::: EXTRACTED ENTRIES :::

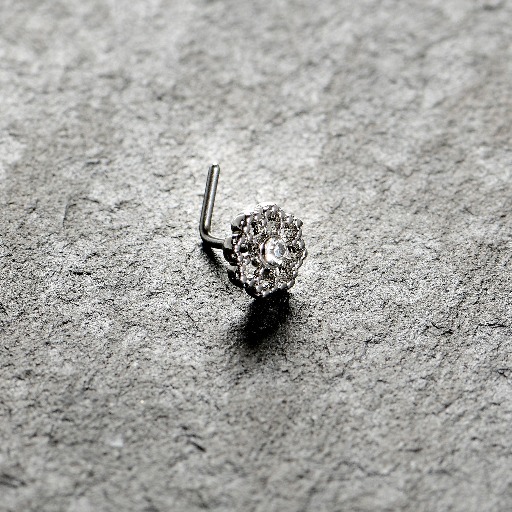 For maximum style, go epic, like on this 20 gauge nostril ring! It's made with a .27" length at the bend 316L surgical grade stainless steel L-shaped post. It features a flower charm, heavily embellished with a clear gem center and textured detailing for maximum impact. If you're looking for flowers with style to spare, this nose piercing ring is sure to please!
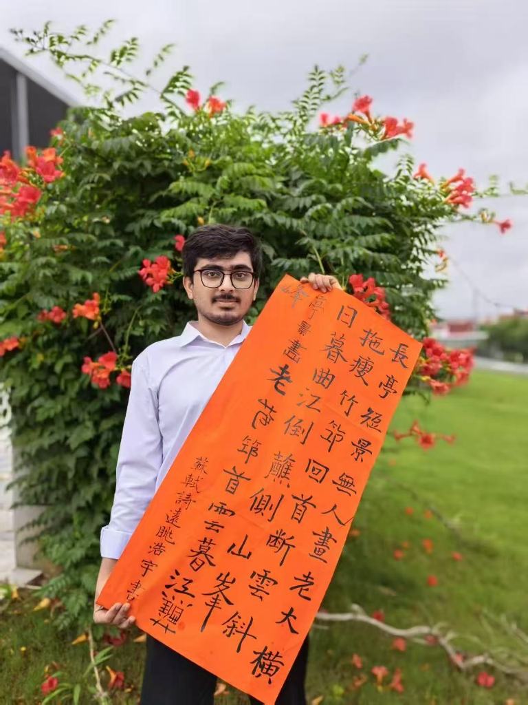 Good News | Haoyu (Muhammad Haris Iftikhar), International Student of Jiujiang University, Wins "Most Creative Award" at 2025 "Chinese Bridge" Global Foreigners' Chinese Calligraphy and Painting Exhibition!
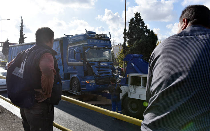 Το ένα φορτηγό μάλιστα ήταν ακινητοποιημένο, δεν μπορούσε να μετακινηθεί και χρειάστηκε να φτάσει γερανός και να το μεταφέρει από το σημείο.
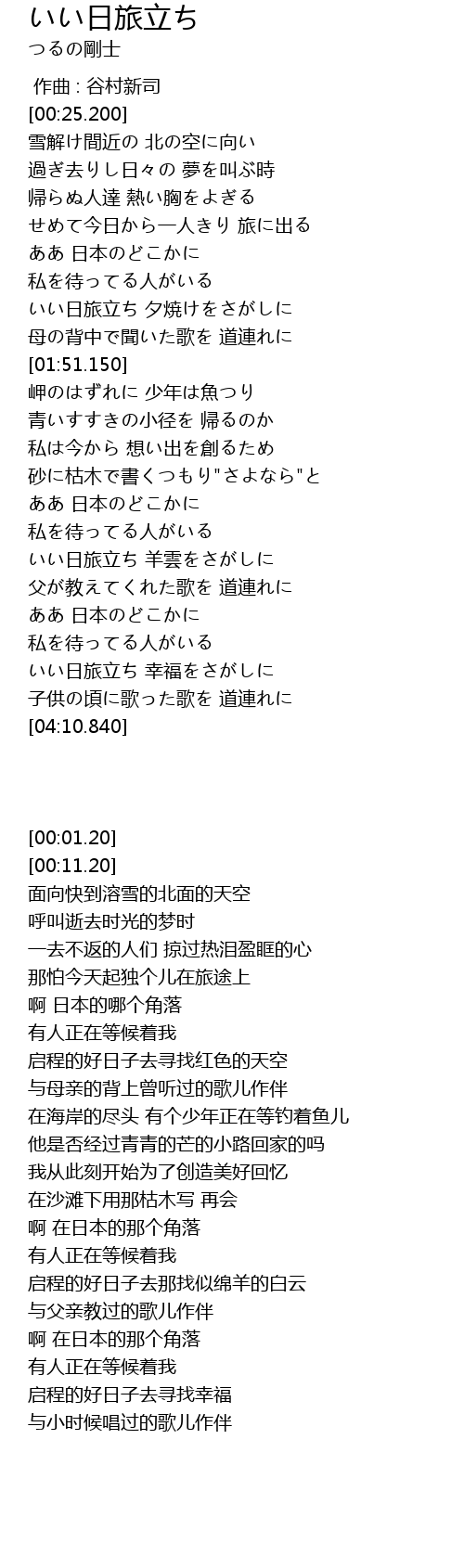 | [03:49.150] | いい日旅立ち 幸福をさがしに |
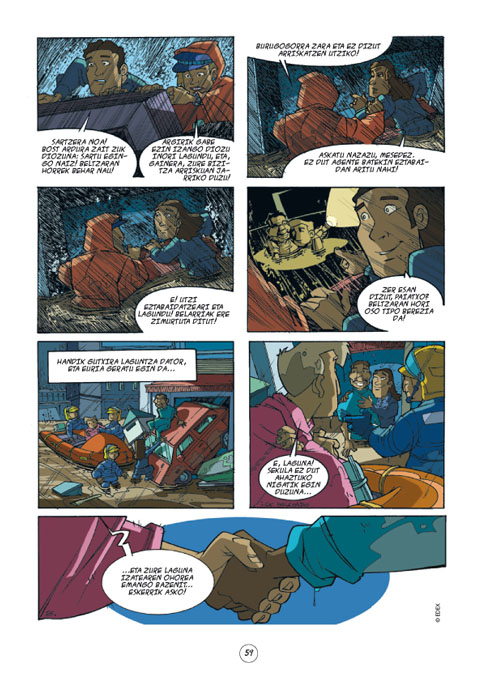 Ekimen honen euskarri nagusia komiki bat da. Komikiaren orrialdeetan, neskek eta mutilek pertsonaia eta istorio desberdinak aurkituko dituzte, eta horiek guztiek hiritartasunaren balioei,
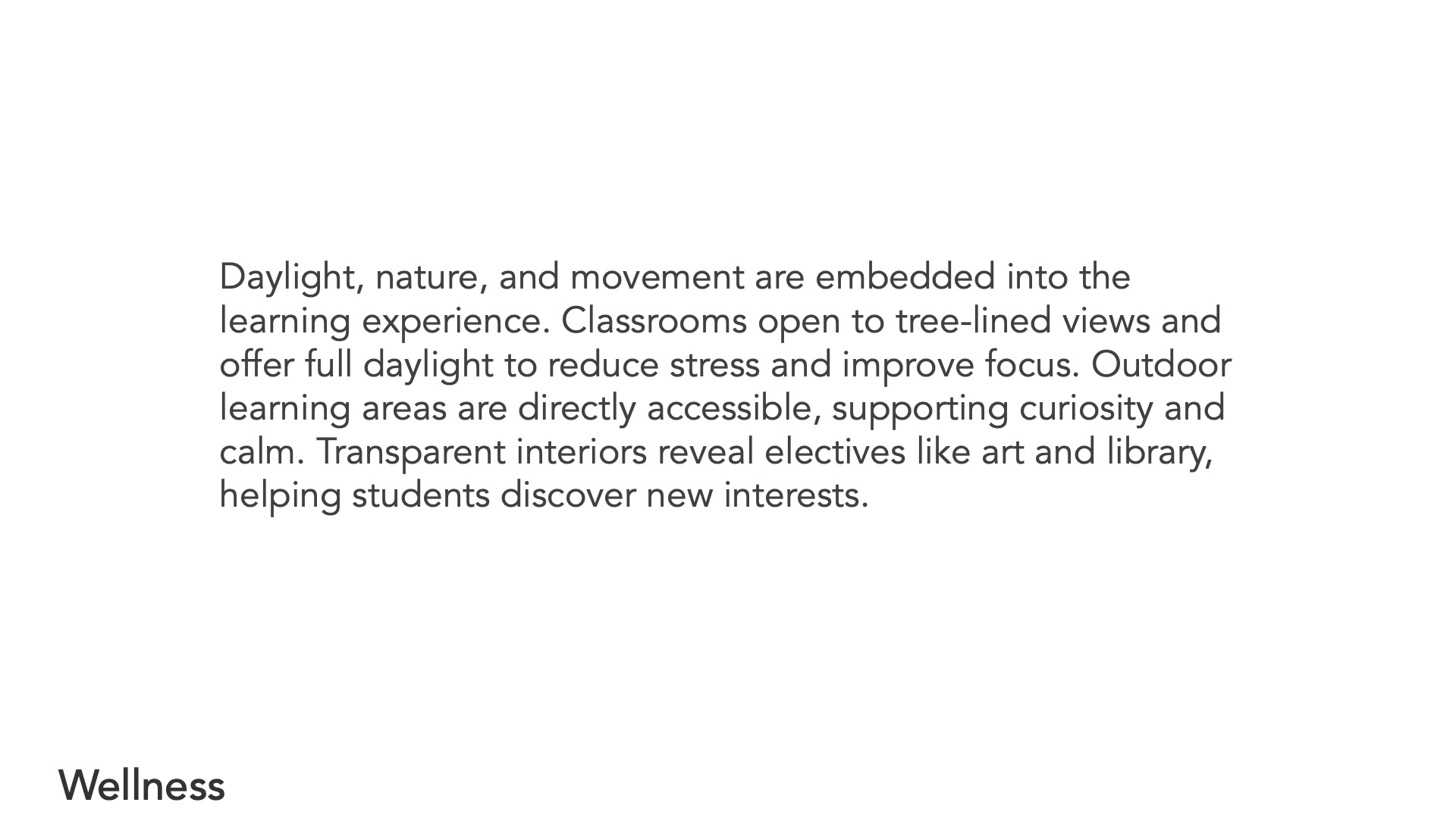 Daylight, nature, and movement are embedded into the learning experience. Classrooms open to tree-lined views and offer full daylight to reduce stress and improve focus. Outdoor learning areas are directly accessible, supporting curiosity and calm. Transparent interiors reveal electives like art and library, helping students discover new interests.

:::
::: EXTRACTED ENTRIES :::

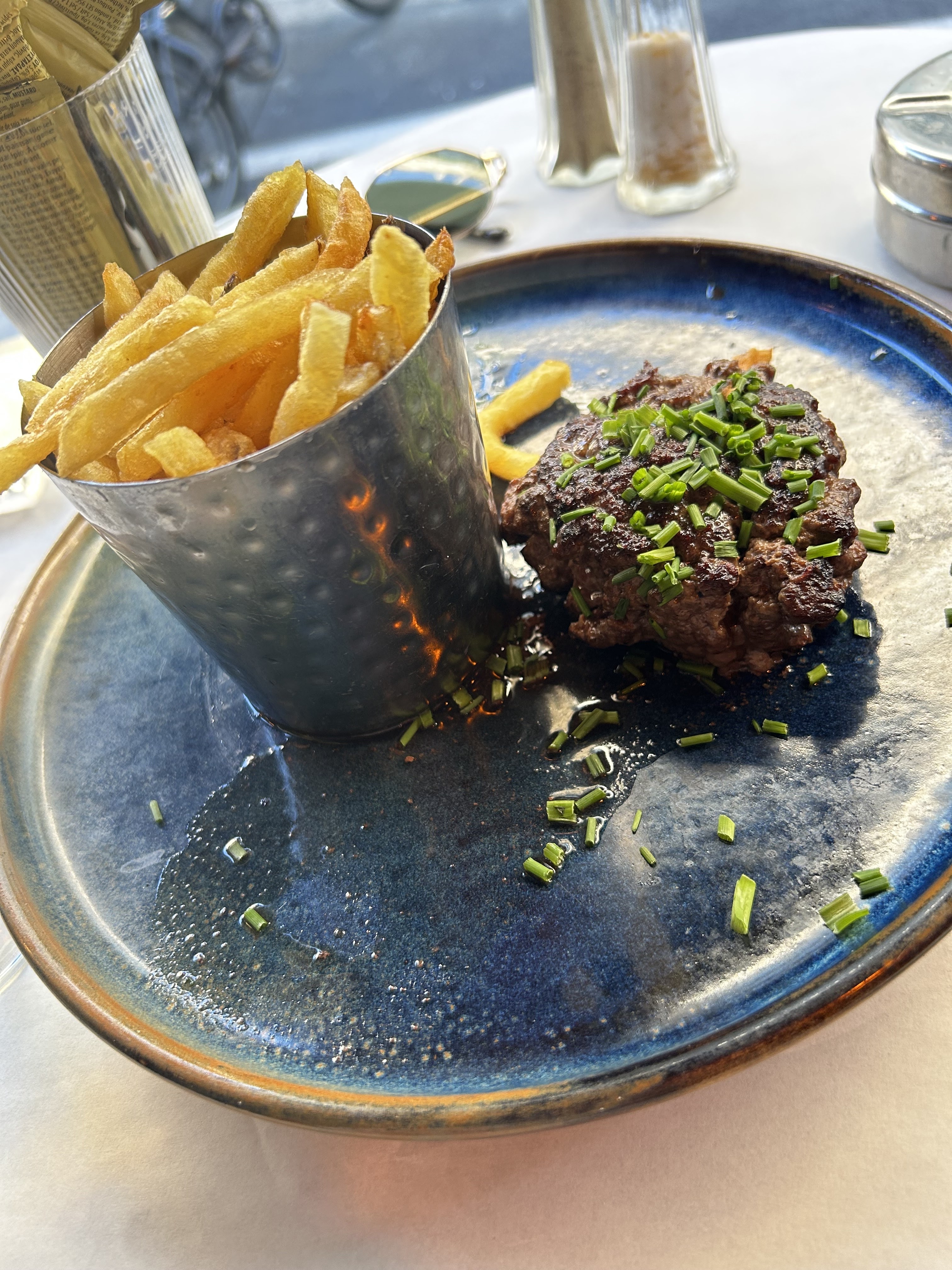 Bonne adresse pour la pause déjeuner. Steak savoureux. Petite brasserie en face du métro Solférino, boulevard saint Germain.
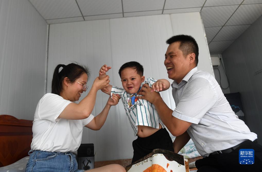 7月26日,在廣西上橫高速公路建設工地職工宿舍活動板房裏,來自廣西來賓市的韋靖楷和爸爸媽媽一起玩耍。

:::
::: EXTRACTED ENTRIES :::

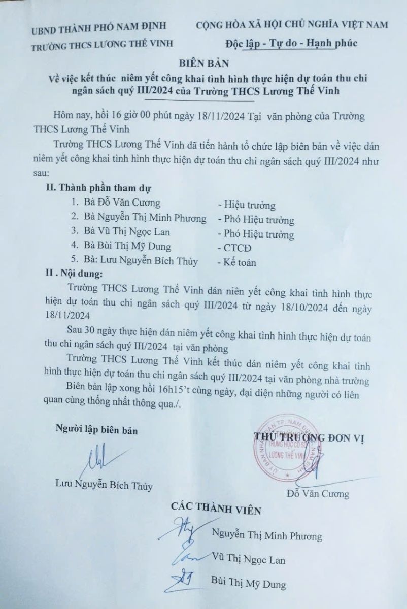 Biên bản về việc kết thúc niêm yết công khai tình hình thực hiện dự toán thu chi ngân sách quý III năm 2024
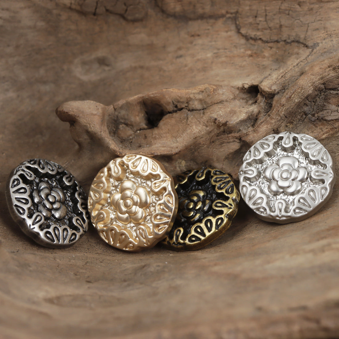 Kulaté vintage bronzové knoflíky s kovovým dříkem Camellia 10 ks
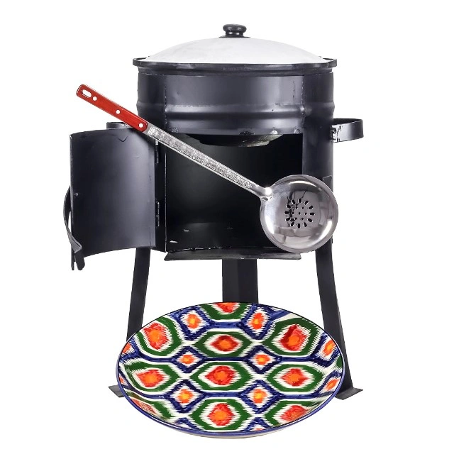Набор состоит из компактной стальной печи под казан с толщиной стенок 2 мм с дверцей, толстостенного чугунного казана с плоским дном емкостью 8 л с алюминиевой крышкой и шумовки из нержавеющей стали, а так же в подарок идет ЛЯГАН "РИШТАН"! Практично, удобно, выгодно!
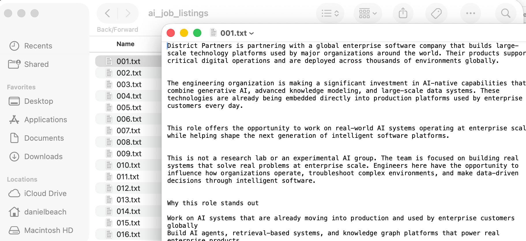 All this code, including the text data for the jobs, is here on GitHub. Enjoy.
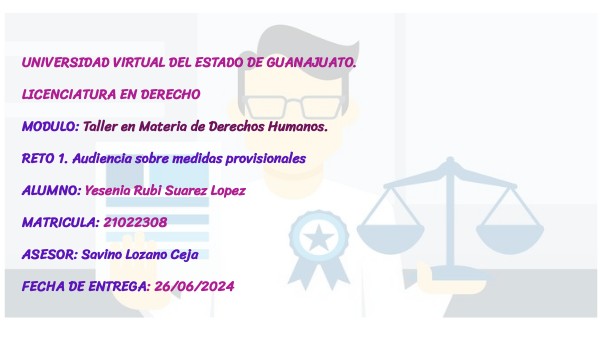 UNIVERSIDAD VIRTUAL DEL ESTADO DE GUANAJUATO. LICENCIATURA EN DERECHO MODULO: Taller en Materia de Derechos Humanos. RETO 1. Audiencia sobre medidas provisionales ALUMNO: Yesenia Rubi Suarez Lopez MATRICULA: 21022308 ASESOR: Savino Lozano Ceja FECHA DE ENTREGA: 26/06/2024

:::

### [EXERCISE DETAILS]
Print, word for word, the lines above that run from the line containing "Kulaté vintage bronzové" to the line containing "UNIVERSIDAD VIRTUAL DEL", both included. Keep the pictures out.

### [YOUR RESPONSE]
 Kulaté vintage bronzové knoflíky s kovovým dříkem Camellia 10 ks
Набор состоит из компактной стальной печи под казан с толщиной стенок 2 мм с дверцей, толстостенного чугунного казана с плоским дном емкостью 8 л с алюминиевой крышкой и шумовки из нержавеющей стали, а так же в подарок идет ЛЯГАН "РИШТАН"! Практично, удобно, выгодно!
 All this code, including the text data for the jobs, is here on GitHub. Enjoy.
 UNIVERSIDAD VIRTUAL DEL ESTADO DE GUANAJUATO. LICENCIATURA EN DERECHO MODULO: Taller en Materia de Derechos Humanos. RETO 1. Audiencia sobre medidas provisionales ALUMNO: Yesenia Rubi Suarez Lopez MATRICULA: 21022308 ASESOR: Savino Lozano Ceja FECHA DE ENTREGA: 26/06/2024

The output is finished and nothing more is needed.